🤖 AI Summary
This work addresses the challenge of generating high-fidelity character animations from sparse, coarse, and temporally misaligned blocking poses. While existing methods can correct temporal misalignment, they struggle to enhance pose detail while preserving temporal coherence. To this end, we propose a motion refinement approach based on generative diffusion models, featuring a novel inference-time weighted pose-tolerance fusion mechanism that dynamically couples unconditional diffusion outputs with input pose constraints—enabling fine-grained pose completion and temporal retiming without additional training.
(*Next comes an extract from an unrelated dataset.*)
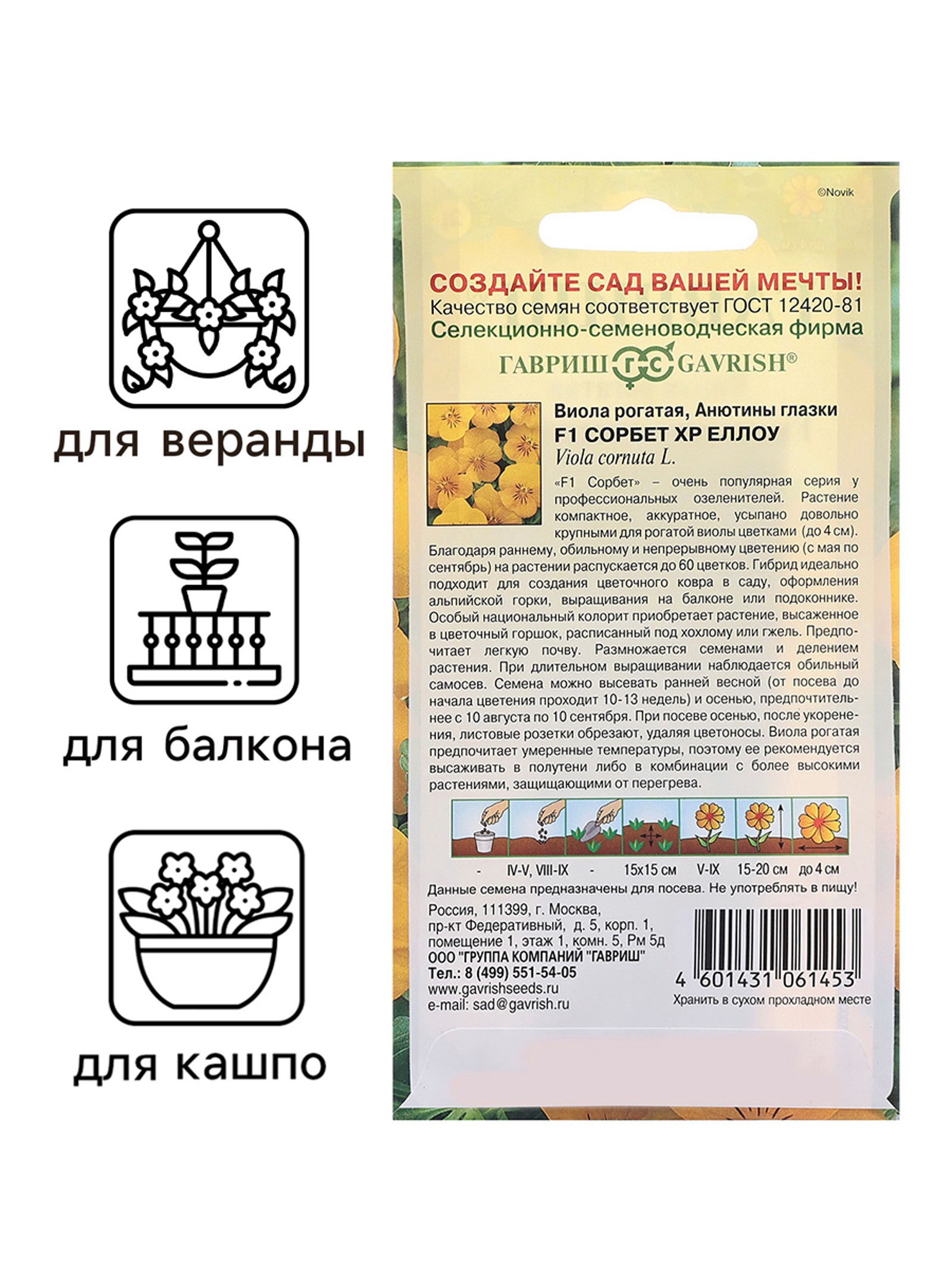 Размер упаковки: 8 x 0.2 x 15 см. Температурное ограничение: Нет Цвет: Жёлтый Место выращивания: Универсальный Сорт: F1 Сухоцвет: Нет Махровые: Нет Вид: Виола По форме куста: Кустовая Вегетация: Двулетники Назначение: Для создания цветников, клумбы Разновидность: Цветущее Отношение к свету: Светолюбивые Нуждаются ли в стратификации: Нет tnved: 1209999900 tnved: 1209999900 "F1 Сорбет" - очень популярная серия среди профессиональных озеленителей. Формирует компактный аккуратный кустик, усыпанный довольно крупными для рогатой виолы цветками (до 4 см). Благодаря раннему, обильному и непрерывному цветению (с мая по сентябрь) на кустике распускается до 60 цветков. Гибрид идеально подходит для создания цветочного ковра в саду, оформления альпийской горки, выращивания на балконе или подоконнике. Особый национальный колорит приобретает растение, высаженное в цветочный горшок, расписанный под хохлому или гжель. Предпочитает легкую почву. Размножается семенами и делением куста. При длительном выращивании наблюдается обильный самосев. Семена можно высевать ранней весной (от посева до начала цветения проходит 10-13 недель) и осенью, предпочтительнее с 10 августа по 10 сентября. При посеве осенью, после укоренения, листовые розетки обрезают, удаляя цветоносы. Для получения дружных всходов при весеннем посеве семена стратифицируют при температуре +10оС. Виола рогатая предпочитает умеренные температуры, поэтому ее рекомендуется высаживать в полутени, либо в комбинации с более высокими растениями, защищающими от перегрева. Отлично смотрится на полутенистой альпийской горке. | ||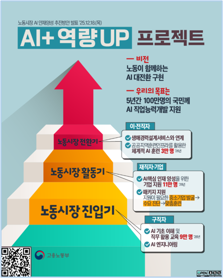고용노동부(장관 김영훈)는 12.18.(목) 정부서울청사에서 열린 제2차 과학기술관계장관회의에서 「노동시장 AI 인재양성 추진방안 : Al+역량 Up 프로젝트」를 발표했습니다. 이번 대책은 지난 12.11.(목)에 있었던 고용노동부 업무보고의 후속 대책으로, 노동시장 진입 • 활동 · 전환기에 있는 모든 국민의 인공지능(이하, 'AI') 활용역량 강화에 초점을 두고 마련되었습니다.

Our method integrates motion retiming, pose-constraint guidance, and conditional mixing strategies, achieving, for the first time, stable end-to-end generation of natural, fluid animations from coarse keyframes. Experiments demonstrate significant improvements over state-of-the-art detail synthesis methods across diverse complex motions, yielding animations with enhanced naturalness, superior temporal accuracy, and richer joint-level detail.
📝 Abstract
We focus on the problem of using generative diffusion models for the task of motion detailing: converting a rough version of a character animation, represented by a sparse set of coarsely posed, and imprecisely timed blocking poses, into a detailed, natural looking character animation. Current diffusion models can address the problem of correcting the timing of imprecisely timed poses, but we find that no good solution exists for leveraging the diffusion prior to enhance a sparse set of blocking poses with additional pose detail. We overcome this challenge using a simple inference-time trick. At certain diffusion steps, we blend the outputs of an unconditioned diffusion model with input blocking pose constraints using per-blocking-pose tolerance weights, and pass this result in as the input condition to an pre-existing motion retiming model. We find this approach works significantly better than existing approaches that attempt to add detail by blending model outputs or via expressing blocking pose constraints as guidance. The result is the first diffusion model that can robustly convert blocking-level poses into plausible detailed character animations.